Por Victória Cirino
Em fevereiro deste ano, foi publicado na revista PLOS ONE um artigo com a participação de pesquisadores do INPD (Cristiane S. Paula, Isabel A. S. Bordin, Jair Jesus Mari e Luis A Rohde) em parceria com pesquisadores da Fiocruz-RJ (Evandro S Coutinho, Luciane Velasque). O artigo é oriundo do Projeto 1 e buscou mapear o uso da rede de saúde mental por crianças e adolescentes, uma vez que há, do ponto de vista global, uma lacuna entre a demanda por esses serviços e o uso efetivo por parte dos usuários. O artigo tem acesso livre por meio do link: http://www.ncbi.nlm.nih.gov/pmc/articles/PMC3928169/
O estudo fez um mapeamento em quatro regiões geoeconômicas do Brasil, com o intuito de compreender quais são as barreiras que afastam crianças e adolescentes dos serviços de saúde mental no país. A investigação em diferentes regiões demográficas é inédita e essencial para o mapeamento do uso da rede de saúde no país, pois há grande diferença de indicadores sociais entre estados do norte e do sul.
Mais de 1.700 crianças entre 6 e 16 anos participaram do estudo, provenientes de escolas públicas de quatro municípios pertencentes a regiões distintas do país. Foram aplicados questionários e escalas nos participantes a fim de definir quais crianças e adolescentes apresentavam transtornos psiquiátricos e, portanto, que deveriam receber assistência por profissionais de saúde mental. O uso de serviços de saúde mental referiu-se ao atendimento de um psiquiatra, psicólogo e/ou neurologista nos últimos 12 meses.
A prevalência de transtornos psiquiátricos de qualquer espécie foi de 13,1% do total da amostra. Somente 19,8% daqueles que apresentaram algum tipo de transtorno psiquiátrico foram atendidos por um dos profissionais citados acima nos últimos 12 meses.
O menor uso dos serviços de saúde mental esteve associado com alguns fatores importantes. Por exemplo, sujeitos do gênero feminino frequentaram menos esses serviços do que os do gênero masculino. Além disso, crianças e adolescentes com desempenho escolar satisfatório também fazem menos uso dos serviços de saúde mental. Por fim, crianças moradoras de regiões mais carentes, filhas de mães/responsáveis que vivem com parceiros e provenientes de famílias com renda baixa também apresentaram menor uso dos serviços de saúde mental. Esse resultado serve de alerta por indicar que, além do baixo acesso ao tratamento da amostra total, certos grupos de crianças e adolescentes que necessitam de atendimento tem acesso ainda menor a assistência especializada.

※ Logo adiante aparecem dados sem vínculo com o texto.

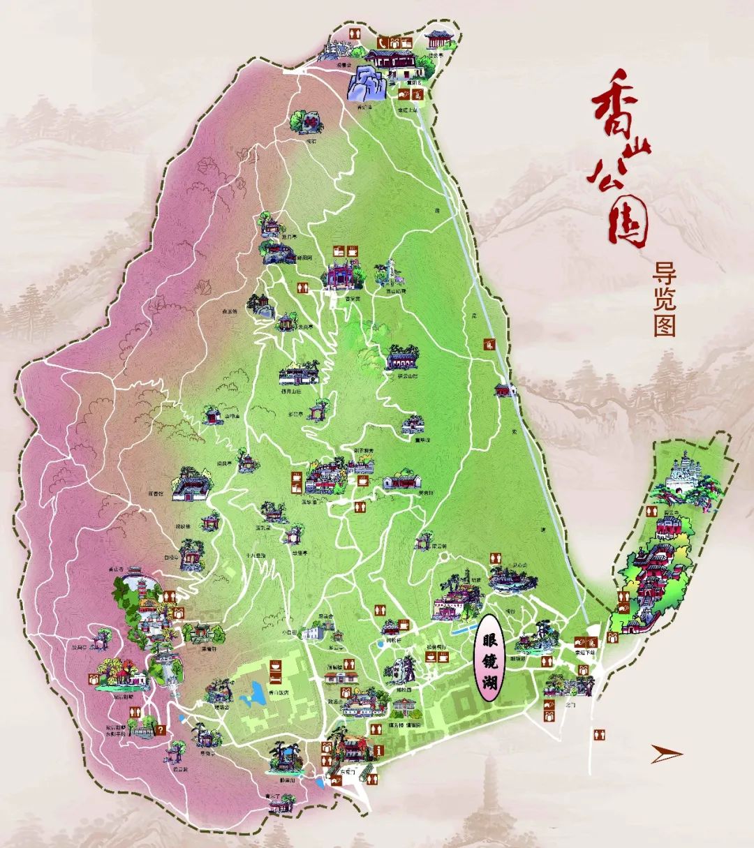 眼镜湖位于香山公园北门附近。历史上由两潭水构成,民国时期湖水被一座白石拱桥一分为二,自远望去犹如一副闪光发亮的眼镜,故有眼镜河之称,1959年对眼镜河进行疏竣工作,之后改称眼镜湖,湖水引自碧云寺卓锡泉。湖的北面靠山,上有叠石小洞,洞口有瀑布,晃如水帘,所以又称之为小水帘洞。湖的东南侧是“佳日亭”。建于1992年,为十字重檐顶。亭内画有苏式彩画。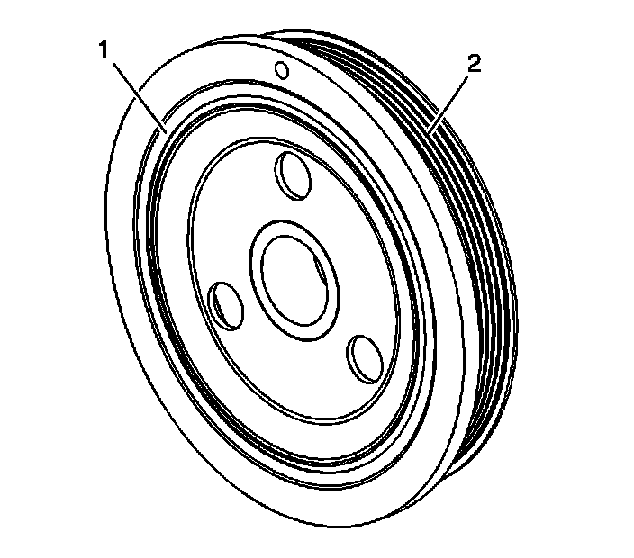 * Worn, chunking, or deteriorated rubber (1) between the hub and pulley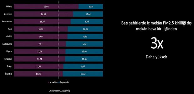 P.M2.5 değerleri incelendiğinde, çoğu ülkede iç mekân hava kirliliğinin dış mekân hava kirliliğinden daha yüksek olduğu görülüyor. Türkiye'de genel olarak iç mekân hava kirliliği dış mekân hava kirliliğinden daha düşükken, araştırma sonuçlarına göre bir metropol olan İstanbul'da tam tersi bir durum söz konusu ve iç mekân havası dış mekân havasından daha kirli. İstanbul, araştırmadaki şehirler arasında en yüksek P.M2.5 değerlerine sahip 10. şehir olarak sıralanıyor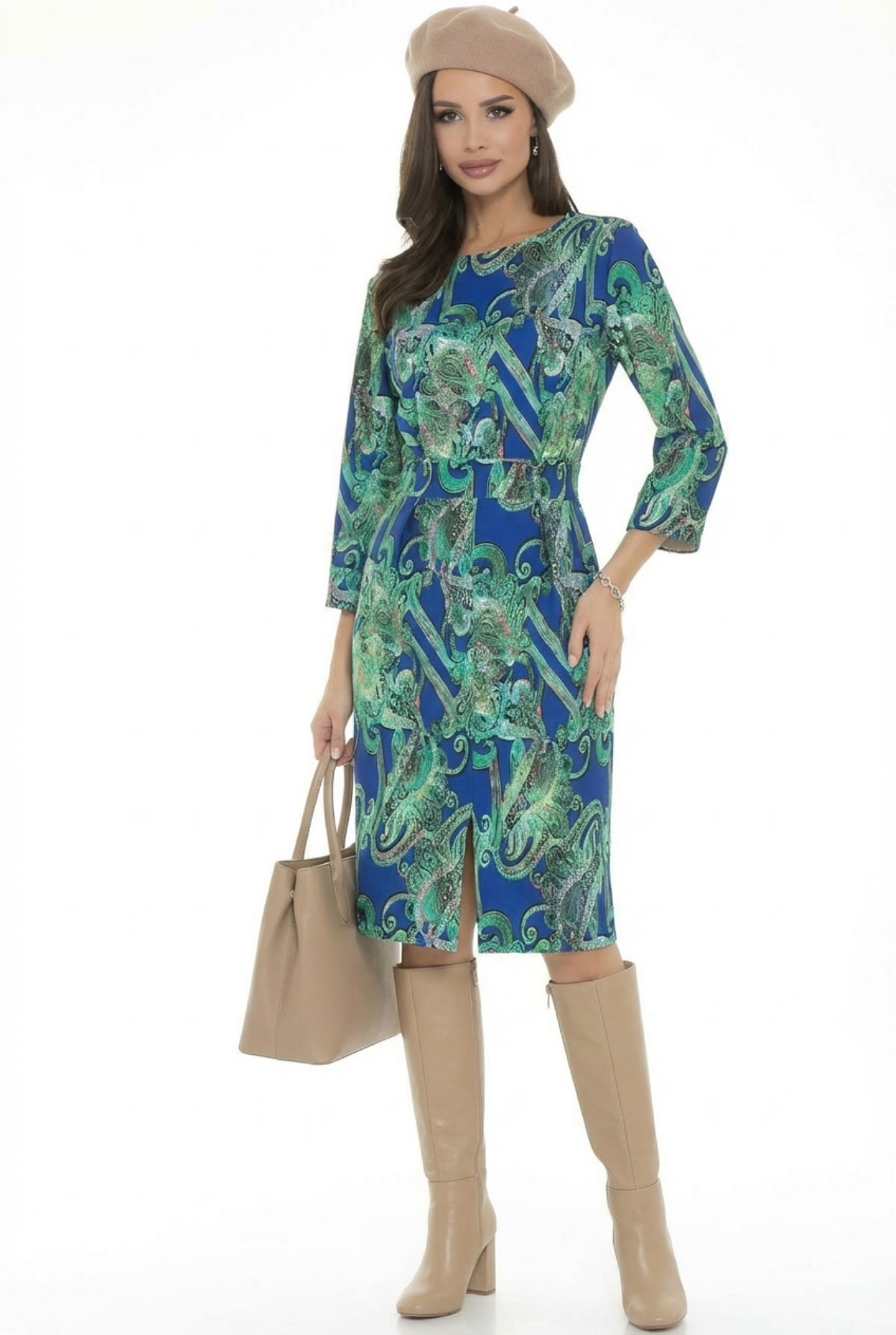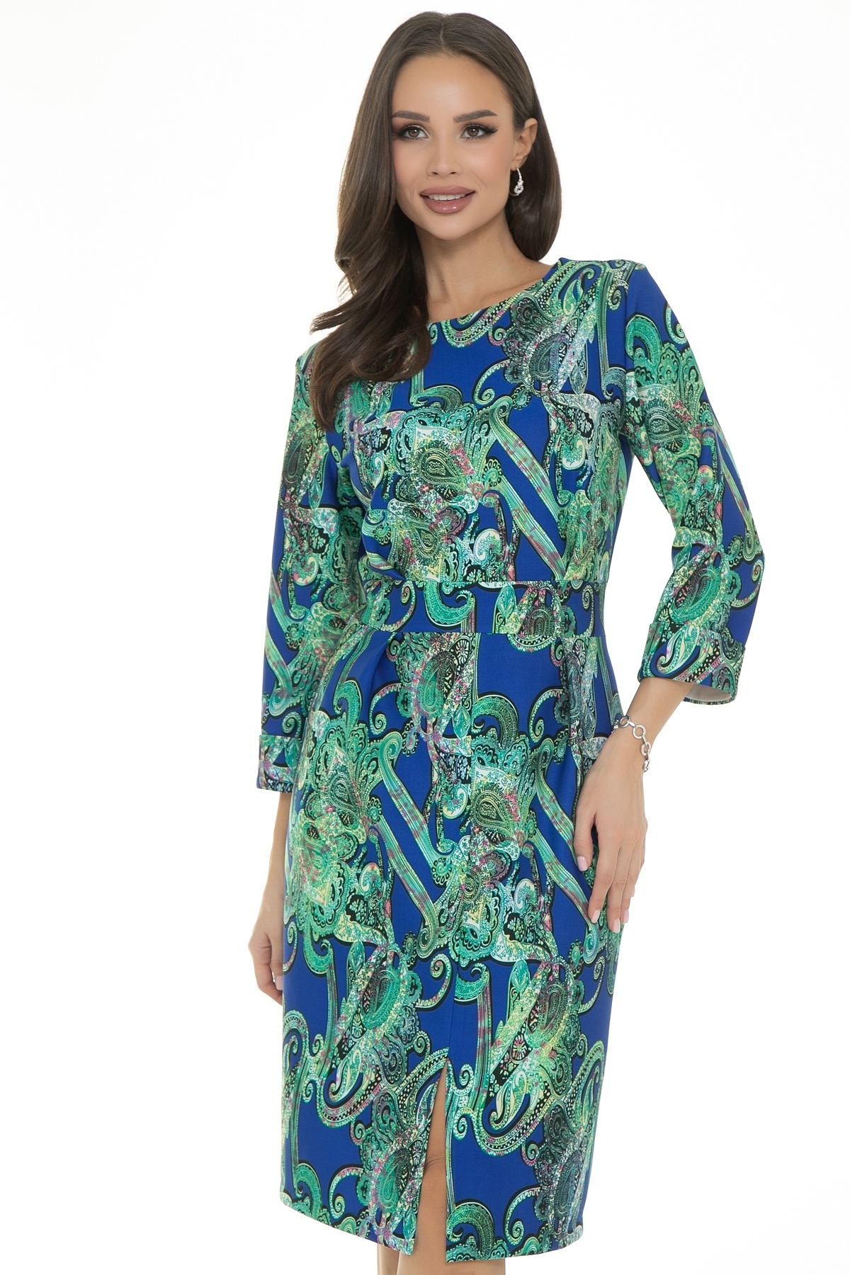 Элегантное праздничное платье Diolche, отличается невероятно красивым силуэтом. Это превосходное платье футляр в длине миди идеально сочетает современные тенденции с классическим стилем. Свобода и роскошь этого платья не оставят равнодушной ни одну женщину. Дизайнерский принт  и изысканный силуэт создают яркий, стильный и модный образ. Нарядное платье футляр с рукавом 3/4, выгодно подчёркивает фигуру, скрывая недостатки. Горловина обработана обтачкой. Платье отрезное по талии, спереди сделаны складки. Сзади в средний шов вставлена молния.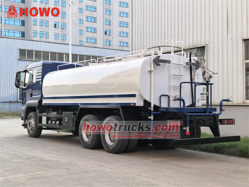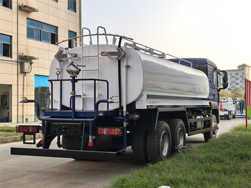 stainless steel tank, 6×6, RHD is optionalCamionul HOWO TX 18000L cu sistem de stropire cu apă este un vehicul de salubrizare multifuncțional și de mare capacitate, construit pe șasiul HOWO TX heavy duty, având un volum central al rezervorului de apă de 18.000 de litri. Este propulsat de un motor diesel Weichai de 380 de cai putere și o transmisie manuală cu 10 trepte, oferind performanțe robuste și o capacitate portantă mare. Rezervorul este construit din oțel carbon de 5 mm și acoperit cu un strat anticoroziv, în timp ce structura sa internă include patru compartimente și deflectoare anti-supratensiune pentru a spori stabilitatea la volan. Vehiculul integrează un sistem de pompe centrifuge Weilong, care permite drenajul autoamorsant și funcționează cu un debit de 60 m³/h. De asemenea, dispune de un sistem de pulverizare multimod, inclusiv spălare frontală, pulverizare spate, pulverizare laterală și un tun de apă de înaltă presiune cu o rază de acțiune de 28 de metri, ceea ce îl face potrivit pentru diverse aplicații, cum ar fi verdeața urbană, suprimarea prafului, răcirea și stingerea incendiilor de urgență.
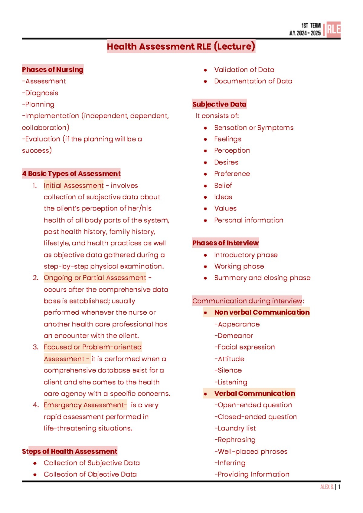 Health Assessment RLE (Lecture): Phases & Techniques of Data Collection ...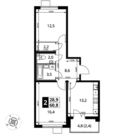Продаётся 2-к квартира номер 521 общей площадью 60.8 кв.м. на 5-м этаже 25 этажного здания. Отделка Whitebox. Цена с учётом скидки.
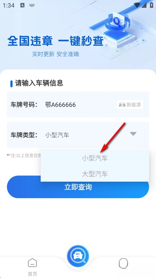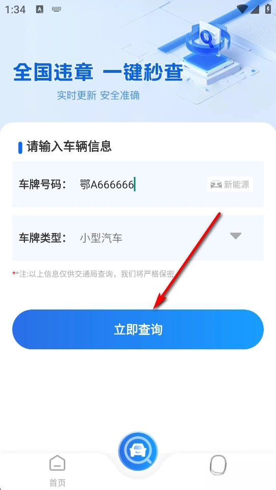 点击【立即查询】去查询违章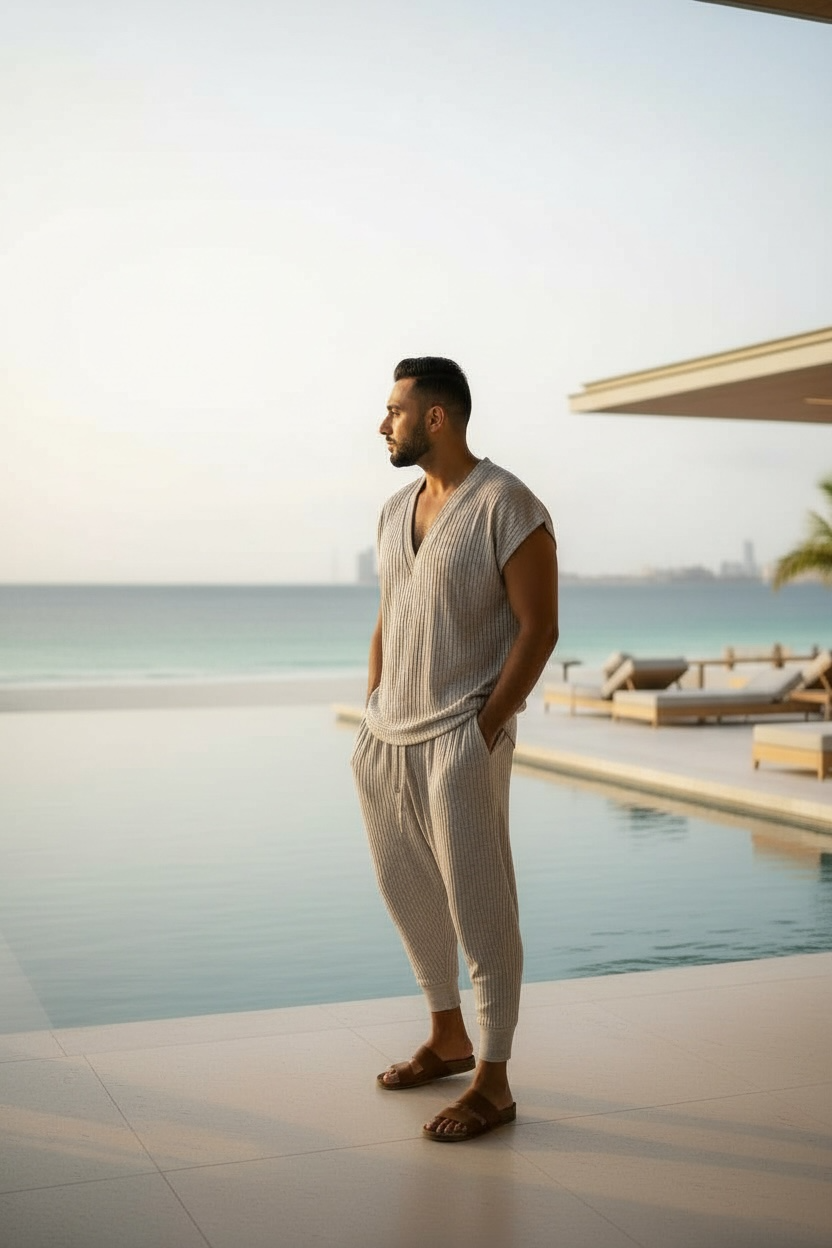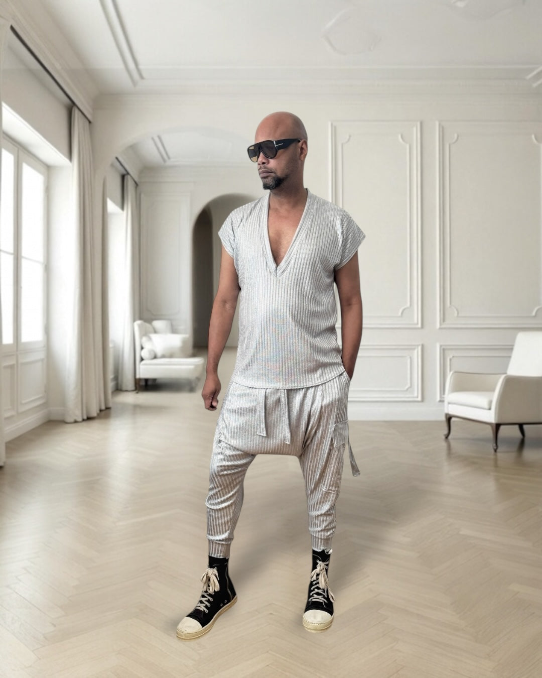 Make a statement with this futuristic yet effortlessly cool silver rib knit shirt. Crafted from a soft, stretchy metallic ribbed fabric, this top combines comfort and shine for a look that’s bold, modern, and versatile. Designed with a deep V-neck and a relaxed fit, it’s perfect for those who love to stand out while keeping it casual.

Um outro dado interessante encontrado na pesquisa é o fato de que 84,9% dos participantes que fizeram uso dos serviços de saúde mental terem sido atendidos por psicólogos. Esse dado reflete a falta de médicos no sistema de saúde brasileiro, principalmente de psiquiatras especializados na infância e na adolescência: há um psiquiatra para cada 75 unidades básica de saúde no país, ao passo que há um psicólogo para cada 7 unidades. Sabe-se também que além do número reduzido, a distribuição de psiquiatras é extremamente irregular, sendo concentrada nas grandes cidades brasileiras.
Esse dado reflete bem o panorama nacional no qual há pouco financiamento destinado a serviços de saúde mental, principalmente àqueles especializados na infância e na adolescência, assim como há uma distribuição irregular de verba segundo diferentes regiões brasileiras.
Espera-se que os resultados dessa pesquisa contribuam para políticas públicas mais eficazes no campo da saúde mental da infância e adolescência, com propostas que ajudem por exemplo a diminuir o estima dos usuários, associadas a um maior treinamento de profissionais da saúde e educação. O fato de que alunos com melhor rendimento escolar serem menos encaminhados aos serviços de saúde mental indica que professores desempenham um papel fundamental na identificação dos sintomas, o que fortalece o argumento a favor de um maior treinamento de educadores.
O artigo constitui um dos primeiros passos dados para a compreensão das lacunas no acesso de crianças e adolescentes a serviços de saúde mental no Brasil. A partir de estudos como este, é possível desenvolver estratégias para melhorar o quadro da saúde mental brasileira, uma vez que as intervenções em saúde mental realizadas durante a infância e a adolescência estão relacionadas com uma melhor qualidade de vida posterior.